The European Sociological Association 2017

by | Sep 29, 2017 | All posts, Events | 0 comments

The ESA is an important international network for SCI sociologists, with a number of researchers actively involved in the Consumption Research Network, which has served as an intellectual home for the sociology of consumption since the early 1990s.

ESA Research Networks hold their own dedicated conferences biennially, while 2017 saw the full ESA conference, with over 3000 sociologists attending in Athens. Five SCI researchers attended, while Luke Yates, as Board member of Consumption Research Network, was involved in organising the Network’s conference streams. Three papers from SCI researchers appeared in the Network’s sessions.

In a session on ‘Consumption and Generations’ Tally Katz-Gerro presented a paper titled “Environmental Habitus: The Intergenerational Transmission of Environmental Behaviours in Cross-National Comparison”. The presentation reported analyses of recent interview data collected in South Korea and in Israel, with three-generation families, on questions of environmental behaviours. Other papers in the same session concerned sustainable consumption patterns of youth in Finland and conspicuous consumption of young people in Athens. The “Food and Sustainable Consumption” session saw Ulrike Ehgartner present on an aspect of her doctoral research, discussing the dynamics of the discursive framings of consumers as agents of sustainability as found in UK retail trade media. The analysis maps a series of changes, between 2007 and 2015, in the way consumers are framed, reflecting wider changes in the way the discourse around sustainable food shared by various agents such as businesses, lobby groups, NGOs, and policy makers. The session also saw case studies on sustainable food consumption from Taiwan and Switzerland, enabling a wide-ranging panel discussion. Dan Welch presented in a session on “Practices and Practice Theory”—over three quarters of papers presented in the Consumption Research Network’s sessions drew on practice theory in some way, testimony to the enduring influence of SCI Professorial Fellow Alan Warde’s seminal intervention into the field. Dan’s paper was a theoretical reflection on how issues of emotion and motivation that have tended to be elided in the ‘practice turn’ but are of central importance to the study of consumption, and overdue a practice theoretical rehabilitation.

Jo Mylan presented in an ‘Environment and Society’ session on her research on individuals’ experiences of reducing meat consumption.

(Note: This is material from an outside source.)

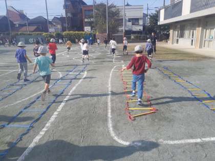 1年生から3年生はわくわくタイムの時間です。青空の下、元気に体を動かしました。体の動かし方もスムーズになってきました。スポーツの秋です。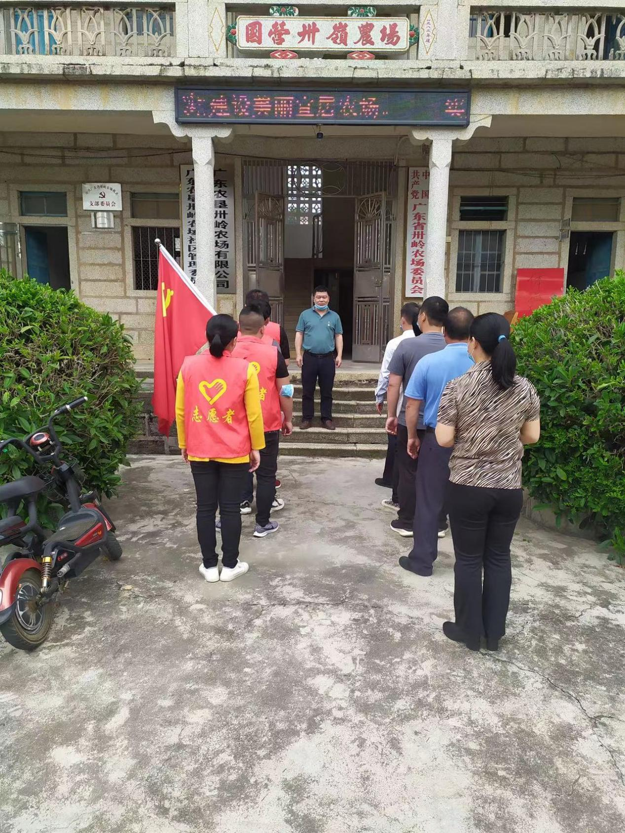 卅嶺農(nóng)場組織黨員疫情防控志愿隊到新興小區(qū)、新旺小區(qū)開展“擎旗筑堡壘、亮徽當先鋒”活動,發(fā)放《致卅嶺農(nóng)場全場居民一封信》150張,檢查登記來往人員的粵康碼,入戶走訪群眾疫苗接種情況83戶,充分發(fā)揮戰(zhàn)斗堡壘和先鋒模范作用。

Reduction in meat production and consumption is increasingly presented as a key element of a more sustainable food system, however, unlike vegetarianism, we know little about why people attempt to reduce the amount of meat in their diet. Drawing on twenty in-depth interviews, the paper explored consumers’ motivations for, and experiences of, reducing meat consumption, contributing to ongoing debates about behavioural change and the role of consumers in achieving sustainability transitions. Respondents’ complex accounts are beyond motivations around environmental issues or animal welfare, and relate to understandings of nutrition, bodily vitality, concerns about the conditions of meat provision, past food experiences, personal relationships and routine activities.  

Lastly, Luke Yates presented on “Social movement strategy and the politics of the possible”, discussing the role of imagined futures in political action and social change. Political opportunities often emerge from changes in people’s expectations about the future. Imagined futures are produced and circulated in social movements, political manifestos, policy papers, marketing and business strategy, media, lifestyles, subcultures and in consumption. Luke argued power shapes senses of political possibility yet resistance and political action is common even when change seems impossible and went on to explore how the ‘the future’ itself is mobilised, and struggled over, in accounts of the ‘sharing economy’.